Leader of the Newfoundland and Labrador New Democratic Party
- In office April 8, 2018 – March 5, 2019
- Preceded by: Lorraine Michael
- Succeeded by: Alison Coffin

Member of the Newfoundland and Labrador House of Assembly for St. John's Centre
- In office October 27, 2011 – April 17, 2019
- Preceded by: Shawn Skinner
- Succeeded by: Jim Dinn

Personal details
- Born: 1956 (age 69–70) Corner Brook, Newfoundland, Canada
- Party: New Democratic
- Spouse: Peg Norman (m. 2017)
- Occupation: documentary filmmaker, social worker

= Gerry Rogers =

Canadian politician (born 1956)

Gerry Rogers (born 1956) is a Canadian documentary filmmaker and politician. She was leader of the Newfoundland and Labrador New Democratic Party from 2018 until 2019. She served in the Newfoundland and Labrador House of Assembly as NDP MHA for the electoral district of St. John’s Centre from 2011 to 2019. She became the party's leader after winning the April 2018 leadership election. She resigned as party leader prior to the 2019 provincial election and did not seek re-election.

==Background==
Rogers was born in Corner Brook, Newfoundland, to Leo Rogers from St. John's and Philomena Coles from Port Saunders. Leo joined the army, and the family moved to Montreal, then to Toronto, Winnipeg and Germany. They eventually returned to St. John’s in 1979, where Rogers completed a bachelor of social work at Memorial University of Newfoundland. Rogers worked at the St. John’s Women’s Centre, where she helped establish the first transition house for battered women.

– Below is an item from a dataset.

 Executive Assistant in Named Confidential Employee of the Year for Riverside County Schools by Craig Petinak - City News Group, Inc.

In 1982, she moved to Montreal to make documentary films at the National Film Board's Studio D, the only state funded women’s filmmaking unit in the world. Rogers made films with Studio D for 10 years. In 1992, she returned to St. John’s and founded Augusta Productions, and directed several international award-winning films including My Left Breast, a documentary about her own battle with breast cancer. Augusta Productions produces low-budget, POV, activist documentaries bringing viewers to the hearts and lives of people from every nook and cranny of society. The films work to uncover the joy and strength and resilience of people in difficult situations, celebrating and broadcasting their voices.

Openly lesbian, Rogers is the partner of social worker and businessperson Peg Norman. In honour of her role as a significant builder of LGBT culture and history in Canada, a portrait of Rogers by artist Claire Priddle was added to the Canadian Lesbian and Gay Archives' National Portrait Collection in 2003.

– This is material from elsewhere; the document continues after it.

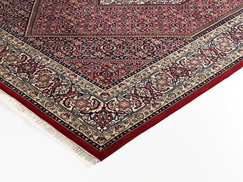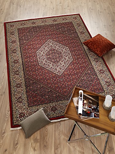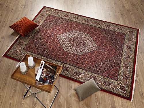 Der ANARAM BIDJAR klassische Teppichtradition und zeitlose Schönheit. Dieser in Indien allesamt 100% Schurwolle handgeknüpfte Qualitätsteppich fasziniert durch sein ebenso fließend-schlichtes wie unabänderlich modernes Design. Die opulente Borte umschließt ein prächtiges Innenfeld, das mit oder ohne Medallion erhältlich ist. Rauten- und Blättermuster in harmonischer Bearbeitung machen diesen Orientteppich zu einem Kunstwerk der Knüpfkunst.

Rogers became a marriage commissioner in 2005 in response to the many marriage commissioners who resigned after being told that they must perform same-sex marriages or resign from their positions.

==Politics==
Rogers was elected to the Newfoundland and Labrador House of Assembly in the 2011 provincial election, representing the district of St. John’s Centre as a member of the New Democratic Party. She was the first openly gay politician ever elected to the provincial legislature. She was re-elected in the 2015 provincial election.

In 2017, Rogers announced her intentions to run for leader of the provincial NDP, following the resignation of Earle McCurdy. At the leadership convention on April 8, 2018, Rogers was elected leader with two-thirds of the vote. Rogers is the first openly LGBT person to lead a political party in Newfoundland and Labrador.

On February 12, 2019, Rogers announced she would be stepping down as leader and not seeking re-election in Newfoundland's upcoming election. On March 5, 2019, Alison Coffin was acclaimed as NDP leader. Rogers retired from the House of Assembly at its dissolution for the 2019 provincial election, which was held on May 16.

==Post-politics==
Rogers resided in Broad Cove after leaving politics.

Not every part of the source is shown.